Start of Block

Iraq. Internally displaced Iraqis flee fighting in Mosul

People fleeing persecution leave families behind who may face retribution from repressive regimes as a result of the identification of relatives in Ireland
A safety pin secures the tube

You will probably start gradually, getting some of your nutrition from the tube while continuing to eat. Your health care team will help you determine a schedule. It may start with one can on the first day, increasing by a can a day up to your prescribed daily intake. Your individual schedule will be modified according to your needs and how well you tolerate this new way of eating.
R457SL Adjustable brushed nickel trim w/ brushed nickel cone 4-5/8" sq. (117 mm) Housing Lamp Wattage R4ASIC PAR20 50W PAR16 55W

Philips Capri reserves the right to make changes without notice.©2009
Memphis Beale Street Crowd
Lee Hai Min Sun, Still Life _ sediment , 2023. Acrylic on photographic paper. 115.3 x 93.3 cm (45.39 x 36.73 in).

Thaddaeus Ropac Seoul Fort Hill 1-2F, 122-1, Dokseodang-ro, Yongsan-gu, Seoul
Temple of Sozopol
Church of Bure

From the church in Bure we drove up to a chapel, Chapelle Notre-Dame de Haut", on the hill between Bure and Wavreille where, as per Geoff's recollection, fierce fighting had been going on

End of Block
Start of Block

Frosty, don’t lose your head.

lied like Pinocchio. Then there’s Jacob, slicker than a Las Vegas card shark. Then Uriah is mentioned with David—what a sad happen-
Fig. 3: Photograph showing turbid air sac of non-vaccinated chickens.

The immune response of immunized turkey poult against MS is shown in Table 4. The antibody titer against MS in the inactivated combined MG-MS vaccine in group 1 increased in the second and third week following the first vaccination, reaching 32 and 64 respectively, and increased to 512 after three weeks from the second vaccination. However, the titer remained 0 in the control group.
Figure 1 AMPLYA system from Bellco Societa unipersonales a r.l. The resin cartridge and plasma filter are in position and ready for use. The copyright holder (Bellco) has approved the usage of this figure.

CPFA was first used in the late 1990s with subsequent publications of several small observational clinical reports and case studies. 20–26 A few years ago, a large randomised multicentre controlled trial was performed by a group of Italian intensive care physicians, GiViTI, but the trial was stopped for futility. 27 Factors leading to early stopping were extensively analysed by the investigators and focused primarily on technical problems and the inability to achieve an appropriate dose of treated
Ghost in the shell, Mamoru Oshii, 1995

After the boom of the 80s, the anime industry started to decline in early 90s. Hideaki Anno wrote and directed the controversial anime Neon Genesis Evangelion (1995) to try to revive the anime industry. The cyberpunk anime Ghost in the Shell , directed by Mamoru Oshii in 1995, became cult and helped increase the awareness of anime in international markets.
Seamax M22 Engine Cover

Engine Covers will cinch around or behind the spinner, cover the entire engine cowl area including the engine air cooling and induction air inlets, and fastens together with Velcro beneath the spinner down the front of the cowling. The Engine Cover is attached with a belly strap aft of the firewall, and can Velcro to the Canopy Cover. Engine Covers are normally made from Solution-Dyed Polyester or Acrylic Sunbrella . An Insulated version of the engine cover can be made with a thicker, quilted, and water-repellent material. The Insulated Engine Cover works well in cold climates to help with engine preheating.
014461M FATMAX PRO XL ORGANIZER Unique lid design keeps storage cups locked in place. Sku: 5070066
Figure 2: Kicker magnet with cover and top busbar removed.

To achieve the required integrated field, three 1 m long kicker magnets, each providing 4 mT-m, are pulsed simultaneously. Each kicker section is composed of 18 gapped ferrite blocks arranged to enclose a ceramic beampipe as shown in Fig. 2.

End of Block

Go to the line with "Memphis Beale Street Crowd" in the entries above and repeat every line from there through the line with "From the church", exactly and with no other text.

Memphis Beale Street Crowd
Lee Hai Min Sun, Still Life _ sediment , 2023. Acrylic on photographic paper. 115.3 x 93.3 cm (45.39 x 36.73 in).

Thaddaeus Ropac Seoul Fort Hill 1-2F, 122-1, Dokseodang-ro, Yongsan-gu, Seoul
Temple of Sozopol
Church of Bure

From the church in Bure we drove up to a chapel, Chapelle Notre-Dame de Haut", on the hill between Bure and Wavreille where, as per Geoff's recollection, fierce fighting had been going on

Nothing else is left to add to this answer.